I tried that already, up to 3.. still no difference. It's really pissing me off actually. I've also tried with a 2nd spare diffuser, makes no difference either. The only way I can get it to a good value when lights come on is if i switch it on at 24:00, 10 hours before lights come on!


----------



## Alastair (23 Nov 2011)

Have you double checked along any connections for possible leaks then? It could be that co2 is escaping somewhere if it also does it with another diffuser too. It could also bea faulty regulator


----------



## GHNelson (23 Nov 2011)

Hi Bjorn
Try connecting a non return valve just before the Co2 line-in to the UP atomiser.
You could give that a try....if you have a long Co2 hose it may cause unstable bubble counts.
Cheers
hoggie


----------



## GHNelson (23 Nov 2011)

Hi Bjorn
I think the UP atomiser is filling up with aquarium water so there will be a slower bubble count due to the resistance.... when the water is expelled the chamber is empty and the Co2 will flow easier...resulting in a quicker bubble rate.
Attaching a non return valve near to the atomiser may help to keep the pressure stable in the chamber.
Cheers
hoggie


----------



## bjorn (23 Nov 2011)

hogan53 said:
			
		

> Hi Bjorn
> I think the UP atomiser is filling up with aquarium water so there will be a slower bubble count due to the resistance.... when the water is expelled the chamber is empty and the Co2 will flow easier...resulting in a quicker bubble rate.
> Attaching a non return valve near to the atomiser may help to keep the pressure stable in the chamber.
> Cheers
> hoggie



It does partly fill with water yes. But I have got 2 metal non-return valves, one on each side of the bubble counter. I'm also using very short co2 tube. The higher bubble rate the quicker it goes back to the "correct" bubble rate (currently set at 4bps). So I think it has something to do with either water in the atomizer or pressure. The only real solution is to keep it on for 24/7.

I've ordered a diffuser from Green Leaf Aquariums in the US, they seem to be better quality:

http://www.greenleafaquariums.com/co2-d ... er-16.html


----------



## Alastair (23 Nov 2011)

Crikey massive price difference for there's and I know who manufactures them for them and the price they cost to buy. 
I hope it resolves it. You could have gotten one of these instead http://www.ebay.co.uk/itm/Aquarium-Mari ... 2015wt_982 which ate just as good. I know a few who use them.

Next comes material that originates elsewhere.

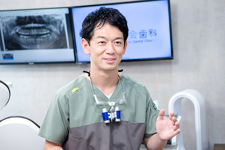 「患者さまの笑顔を守る」をモットーに、その満足度をより高められるような診療をめざしています。そのためにはお口の中を詳細に検査し、症状へのご不安やご希望をしっかり伺った上で適切な治療をご提案することが大切です。特に現在ある症状だけでなく、その原因となっている口の中の状況、例えば歯並び・噛み合わせの乱れ、磨き残しができやすい歯磨きの癖、食事をはじめとした生活習慣などにもアプローチする、再発しにくい口腔環境づくりが重要と考えています。また、インプラント治療、マウスピース型装置を用いた矯正、セラミックを使った審美面への配慮など、多様なご希望にも対応可能です。六会地区は長く住まれている方も多い印象です。納得いただける診療をめざし、地域の皆さんと長くお付き合いできればと思います。
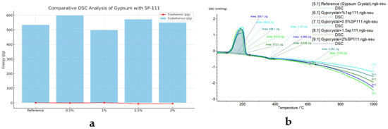 The DSC (Differential Scanning Calorimetry) analysis of gypsum crystals synthesized with varying concentrations of SP-111 superplasticizer reveals notable differences in thermal behavior as illustrated in Figure 22a,b. The highest endothermic energy absorption was recorded in the 0.5% SP-111 sample (598.8 J/g), indicating a more ordered crystalline structure and higher structural water content. This was followed by the 1.5% and 2% samples, which exhibited enthalpy values of 572.2 J/g and 550.1 J/g, respectively. The reference sample without any additive showed a moderate value of 533.8 J/g. In contrast, the 1% SP-111 sample displayed the lowest endothermic peak area at 498.1 J/g, suggesting that this specific concentration may disrupt crystallization and reduce the energy required for dehydration. This non-monotonic trend in crystal stability may arise from competing effects of polymer adsorption and surface coverage at different concentrations. At intermediate concentrations (1 wt %), polymer coverage likely interferes most strongly with the lattice ordering, resulting in the lowest dehydration enthalpy, while at higher concentrations (1.5 wt %), more uniform surface saturation may allow for a slightly more ordered growth. These trends confirm that SP-111 influences gypsum’s crystallization and thermal behavior in a concentration-dependent manner—lower concentrations (especially 0.5%) enhance crystallinity and thermal stability, whereas higher concentrations tend to weaken this effect. In the exothermic region of the DSC curve, occurring roughly between 600 °C and 700 °C, exothermic peaks were only observed in the samples containing 0.5%, 1.5%, and 2% SP-111. The corresponding released energies were −1.87 J/g, −6.838 J/g, and −5.969 J/g, respectively. These exothermic responses are likely associated with structural rearrangements or recrystallization events triggered by elevated temperatures. In addition, partial thermal degradation of residual organic superplasticizer components adsorbed on the crystal surfaces may also contribute to the observed exothermic peaks. The most intense exothermic effect was observed in the 1.5% sample, possibly due to the presence of a less stable crystal network prone to thermal decomposition. The absence of exothermic activity in the reference and 1% SP-111 samples suggests that SP-111 at certain concentrations alters the crystal structure in a way that enhances reactivity at high temperatures. Overall, the DSC results indicate that SP-111 not only affects dehydration processes but also modulates the thermal stability and transformation pathways of gypsum under high-temperature conditions.

You just take the bottom bit off it's not needed


----------



## bjorn (24 Nov 2011)

i did buy the cheaper version of ebay, looks the same as the ones i linked to. 

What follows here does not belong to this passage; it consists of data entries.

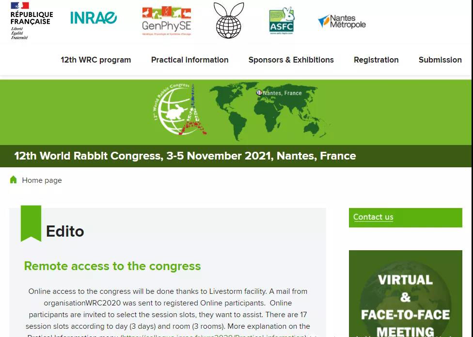 近日,第十二屆世界家兔科學大會(12th World Rabbit Congress)在法國南特市召開,此次會議由世界家兔科學學會(World Rabbit Science Association,WRSA)、法國農(nóng)業(yè)食品與環(huán)
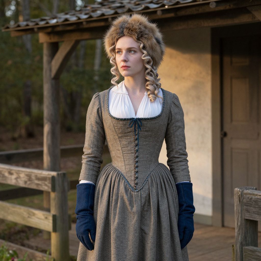 Portrait-style photography of a realistic 18th-century woman in a vintage colonial-era travel costume, dressed in a fitted woolen bodice with a high collar, long pleated skirt, and dark blue woolen gloves, wearing a beaver-fur trimmed hat, standing outside a colonial farm cottage at golden hour, the background shows a forest edge and wooden railings, her face is elegant with a thoughtful expression, pale skin, fair curls gently falling over her shoulders, natural lighting enhancing the textures of the gloves and fabric.. The woman has big tits and cute face
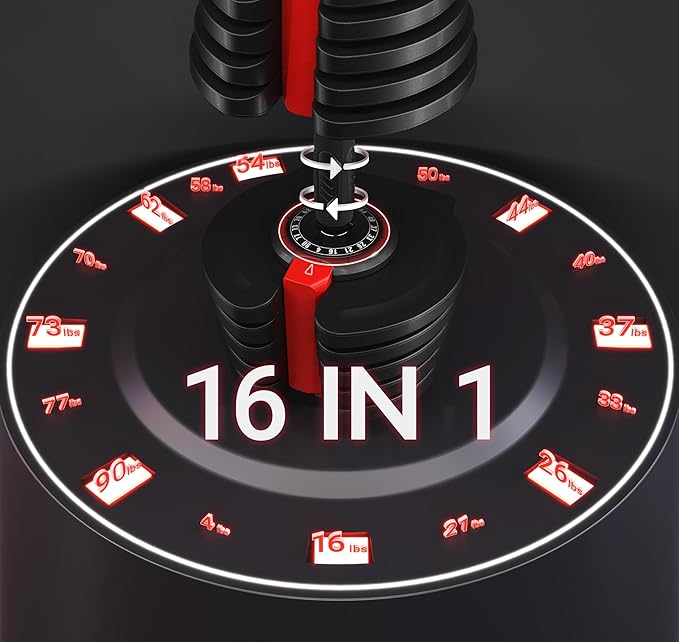 - 16-IN-1 ADJUSTABLE DUMBBELLS:This dumbbell set spans a wide weight range from 4 lb to 90 lb in diverse and smaller increments to facilitate gradual resistance, intensity, or volume adjustments.
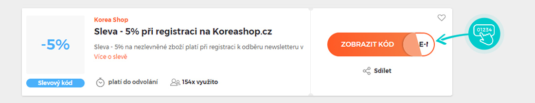 Vyberte si konkrétní slevový kód na naší stránce, který si chcete uplatnit v eshopu Koreashop.cz. Klikněte na oranžové tlačítko "Zobrazit kód".
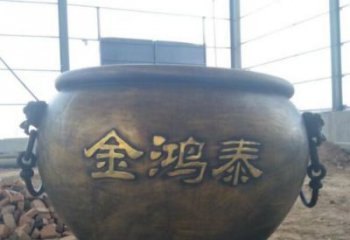 寺院戶外擺放黃銅鑄造招財(cái)聚寶盆大型圓水缸
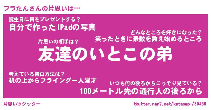 | 胡散臭い通販商品みたいなあだ名 | 『億万長者になれる水晶球…その名も「フラたん」』 |

I just don't understand why it's happening on my setup.. not exactly anything advanced or different. I can only guess that others keep it on all the time or on a much higher bubble rate as I'm at 4bps.

Using a Cal Aqua double bubble counter couldn't the problem.. right? 

http://www.thegreenmachineonline.com/pr ... le-counter


----------



## Alastair (24 Nov 2011)

You can just try to turn the bubble counter the other way round, or remove it completely and see what happens. It could possibly be that yes but bear in mind when the atomiser starts to work the bubble rate would change. I'd see what happens if you remove it. The chances of both your diffusers being faulty are or should be slim. It's a process of elimination.


----------



## bjorn (26 Nov 2011)

I've tried some more things now. Swapped out the non-return valve that's just before the atomizer for a new one. Tested by switching off the co2 for 2 hours. Then on again.. the bubbles first goes at a very high rate, i presume filling up the atomizer chamber with co2. Then it's slows down to nothing. No bubbles gets past it. The only way to get it going again is to raise the amount of co2 to very high, then readjust it down again to 4bps.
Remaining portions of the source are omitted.